One of the maintenance men who had just removed the hospital sign saw his moment and walked up to address the crowd and offer the hospital’s final prayer. “Things in life change. The one thing in life that never changes is God,” he prayed, as those around him bowed their heads.
“It was you, Lord, who has brought some of us through this pandemic,” he said. “I know, Lord, you didn’t bring us this far, this safe, to leave us now. I know the best is yet to come. Let ‘em know you got them. You will make a way out of no way. Tell them that when one door is closed, you will open another door or maybe even a window. You’ve been good to this hospital, and, Lord, we want to tell you thank you.”
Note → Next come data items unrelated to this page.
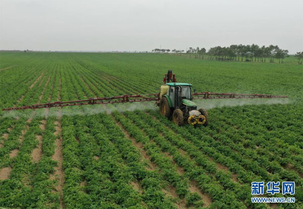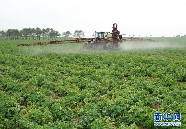 8月12日,在尚義縣三工地鎮(zhèn)有德元村,農(nóng)民使用機械設(shè)備在田間給旱作馬鈴薯噴灑農(nóng)藥。 近年來,地處壩上地區(qū)的河北省尚義縣大力實施地下水超采綜合治理,積極探索旱作雨養(yǎng)種植技術(shù),發(fā)展馬鈴薯、莜麥和油葵等旱地農(nóng)作物,促進生態(tài)環(huán)境恢復(fù)。據(jù)介紹,該縣2019年以來,先后關(guān)停灌溉用井1200余眼,旱地改草23萬畝,水澆地改旱地11萬畝。 新華社記者 楊世堯 攝
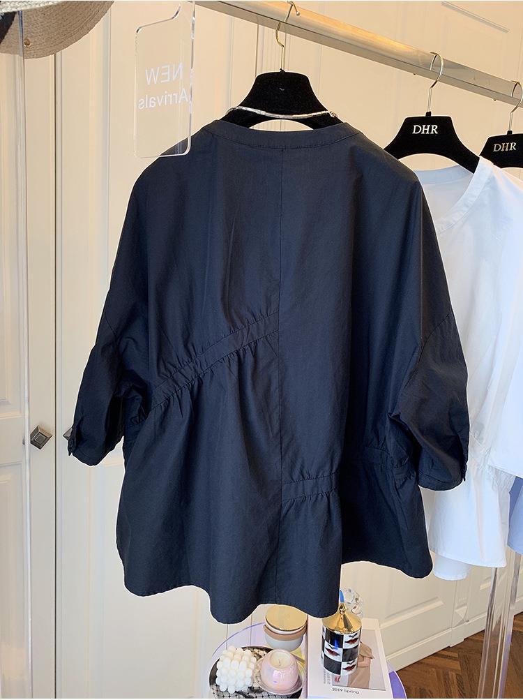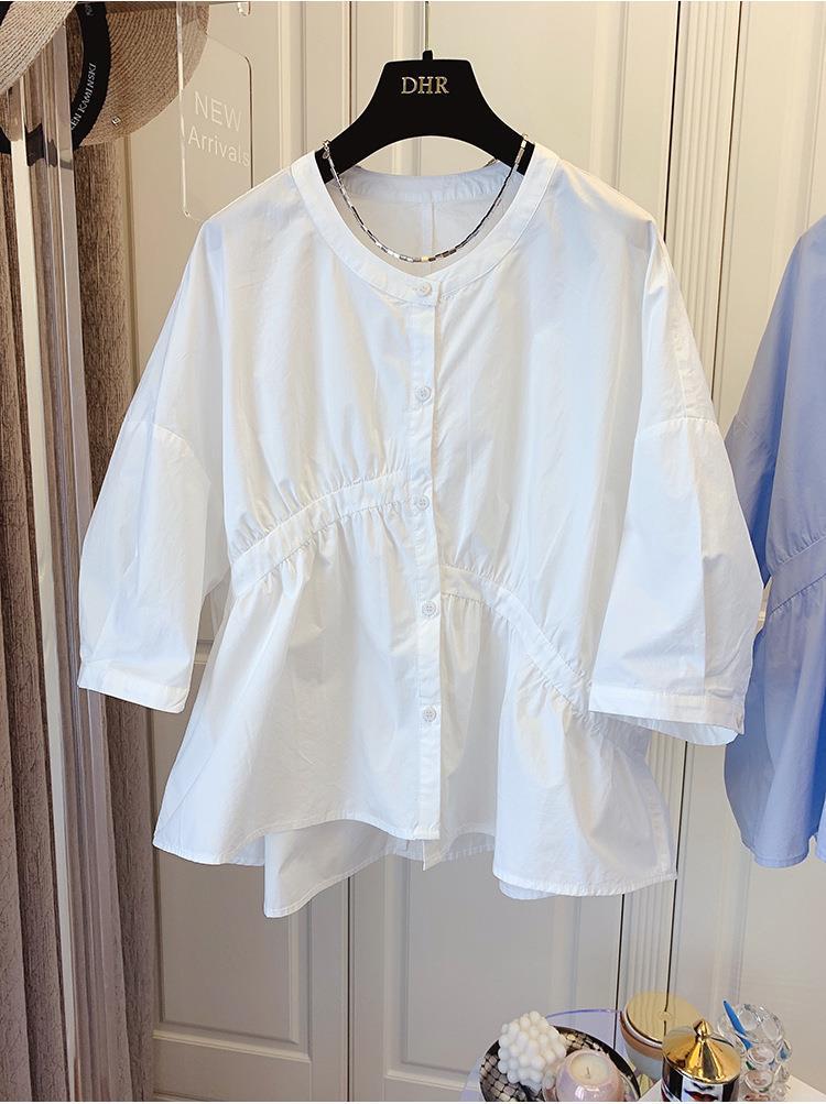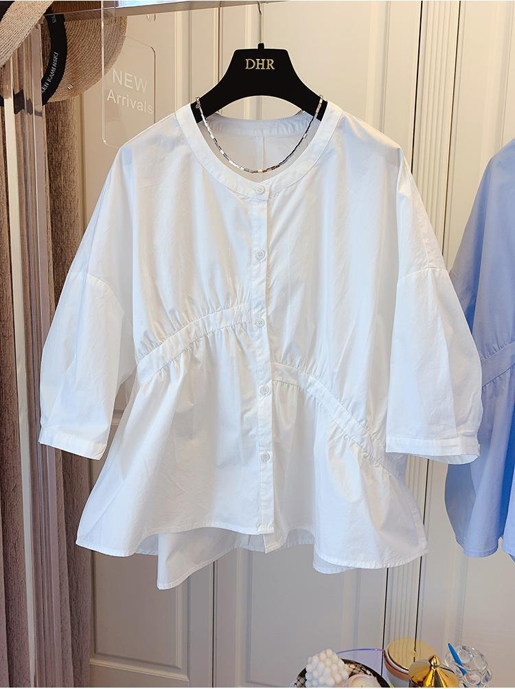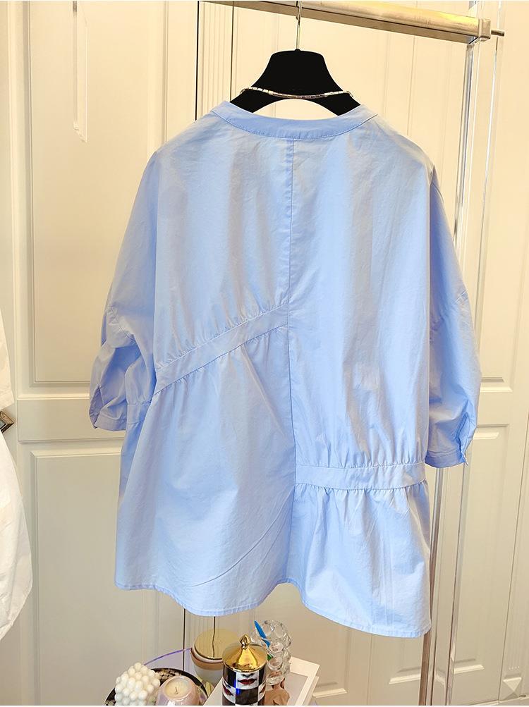 1688 여름 한국 스타일 작은 사이즈 루즈핏 비대칭 주름 스플라이싱 베이비돌 셔츠 여성 트렌디 디자인 반팔스토어 가기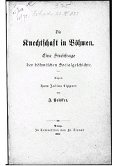 PEISKER, Jan. Die Knechtschaft in Böhmen: eine Streitfrage der böhmischen Socialgeschichte : Gegen Herrn Julius Lippert. Prag: nakladatel není známý, 1890. 82 stran.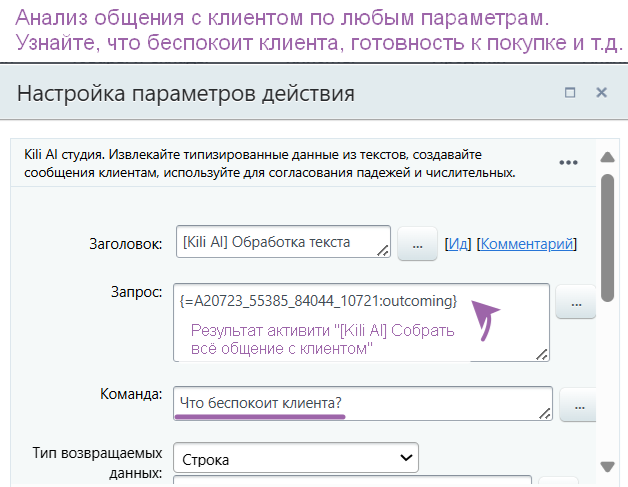 Готовые AI-активити для роботов и БП: Используйте блоки [Kili AI] Обработка текста и [Kili AI] Анализировать и записать в CRM для извлечения структурированных данных (Дата, Число, Список, Текст) и автоматического заполнения любых полей CRM.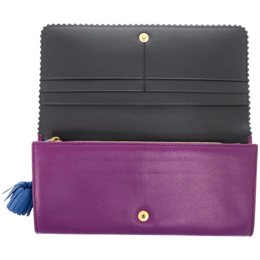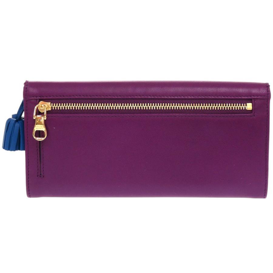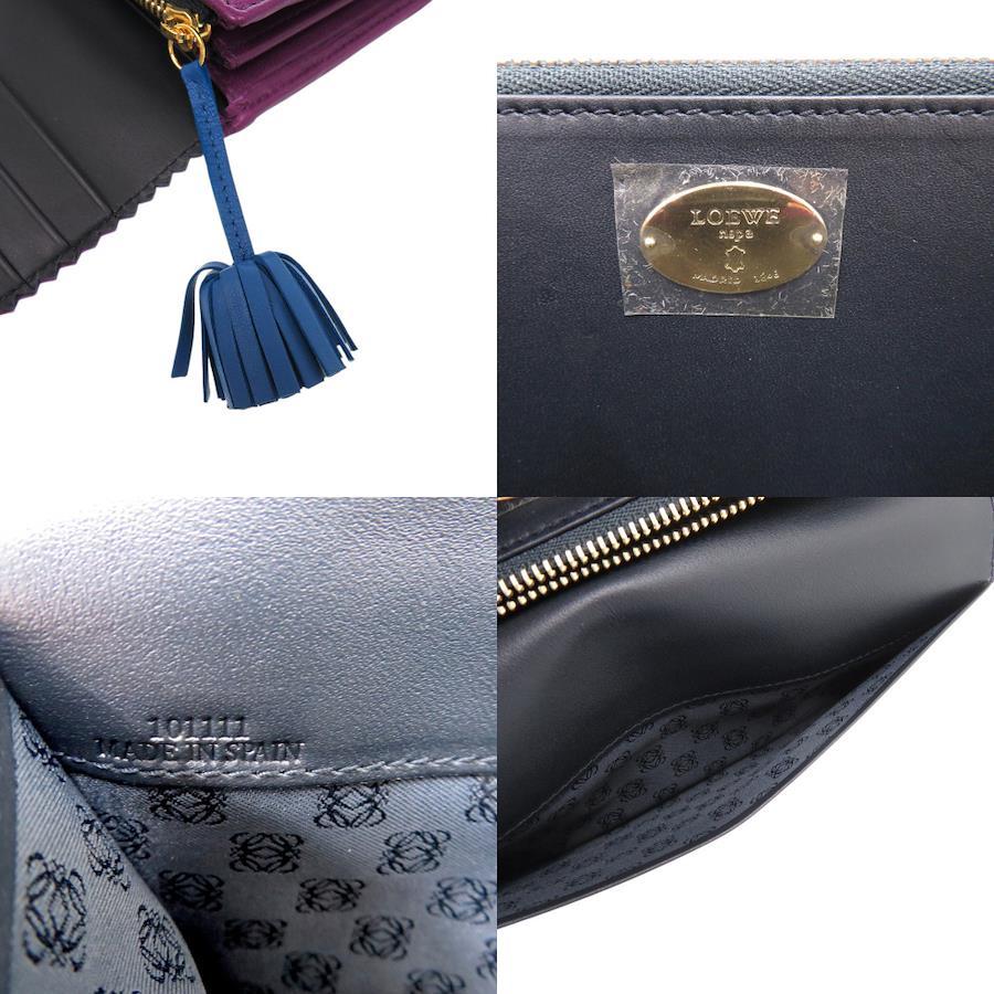 [管理番号]7I0595ZG5W12[ブランド]ロエベ(LOEWE)[タイプ]ラウンドファスナー タッセル[型番]101111[対象]レディース[カラー]パープル/ブルー[金具]ゴールド[モデル]アナグラム[生産国]スペイン[サイズ]W約19cm x H約9.5cmx D約2.3cm[素材]レザー ナッパレザー[仕様]開閉式:スナップボタン内側:カードポケット x 10、札入れ x 4、ファスナー開閉式小銭入れ x 2[付属品]保存箱

The nurses said “Amen” in agreement. “If we learn to trust, we can make it through this,” he said. Then, as he paused dramatically, there was a squelch of a walkie-talkie. The nurses’ bowed heads jerked toward the EMT.
“Randolph ambulance, Randolph ambulance, please respond,” a dispassionate dispatcher called out. As the maintenance man tried to continue with his prayer, the nurses were now distracted, unable to resist their instinct to help. “Copy, this is Randolph ambulance,” the EMT responded quietly into the radio mic on her shoulder, as she and two
uniformed colleagues dressed all in gray sprinted toward the rig.
“We’ve got a hunter who fell. He may have broken his leg. I’ve sent you the location of his blind. What’s your ETA to the hospital?” the dispatcher asked, as the two of the three quickly climbed aboard.
“Well, ma’am,” the final EMT said as she climbed quickly into the rig. “It’s probably going to be awhile.”